Green Party candidate Grace O’Sullivan is expected to be elected to the Agriculture panel of the Seanad.
The Waterford-based former Irish surfing champion was a candidate in both the 2014 European Parliament elections and the recent general election.
Sinn Féin topped the Seanad poll on the Agriculture panel, with the party’s Mayo councillor Rose Conway-Walsh elected on the first count.
This follows the poll topping performance of Sinn Féin councillor Fintan Warfield, who was elected on the first count to the Cultural and Educational panel.
Outgoing Connemara Sinn Féin Senator Trevor Ó Clochartaigh was re-elected on the second count with Ms Conway-Walsh’s transfers.
Independent councillor and former Progressive Democrat Victor Boyhan has also been elected to the Seanad’s Agriculture panel.
Mr Boyhan is thought to be the first Independent Senator in the Seanad’s history to be elected to the vocational panel following a general election.
Outgoing Independent Senator Gerard Craughwell won his seat in a Seanad byelection.
Outgoing cathaoirleach of the Seanad Paddy Burke was re-elected, as was Fianna Fáil Senator Denis O’Donovan, who retained his seat on the Agriculture panel.
The Agriculture panel has proved a disappointment for Fine Gael.
Outgoing Fine Gael senator Pat O’Neill, first elected to the Seanad in 2011, lost his seat, as did Co Leitrim Fine Gael senator Michael Walsh.
Former Kildare North Fine Gael TD Anthony Lawlor, who lost his Dáil seat in the general election, was unsuccessful in his attempt to be elected to the panel, as was his party colleague and former Tipperary TD Noel Coonan.
Culture and Educational panel
Former Fine Gael TDs Kieran O’Donnell and Gabrielle McFadden, who lost their Dáil seats in the general election, were also elected on Tuesday morning to the Cultural and Educational panel of the Seanad.
Also elected to the panel were two new Fianna Fáil Senators, solicitor Lorraine Clifford-Lee from North Dublin and Mayo GP and councillor Dr Keith Swanick.
In the Seanad vocational panel counts, the votes are multiplied by 1,000 to simplify the counting and avoid having to count fractions of votes because of the small electorate of 1,155.
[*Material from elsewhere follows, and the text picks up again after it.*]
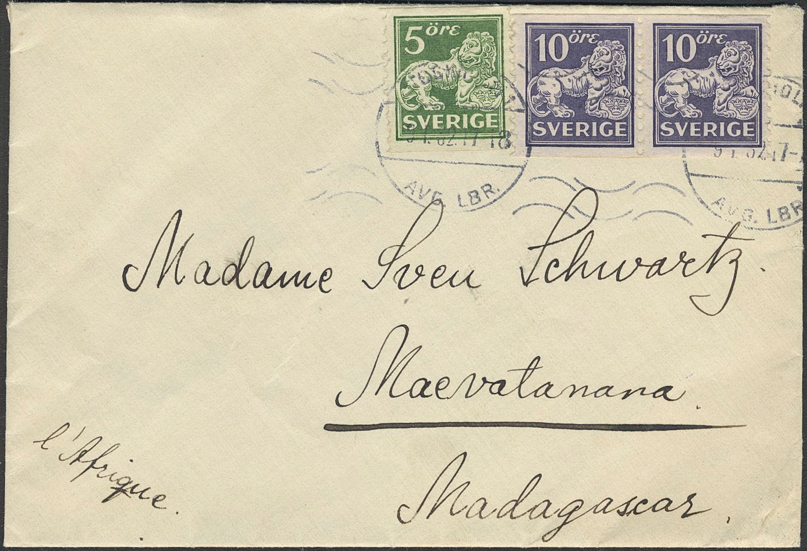 Sweden. Facit 146A, 143A on cover, 5+2×10 öre on cover sent from STOCKHOLM 1 9.1.32 to MAEVATANANA MADAGASCAR 19.FEVR.32. Scarce destination.

A total of 1,124 of the electorate voted on this panel, which has 24 candidates for 11 seats.
Those entitled to vote on the vocational panels are the 158 new TDs, 53 of the 60 outgoing Senators (as seven were elected to the Dáil in the recent election) and 941 city and county councillors.
Each member of the electorate has a vote on each of the five vocational panels to elect 43 senators.
Thirteen former TDs who lost their Dáil seats in the general election are contesting the five panels.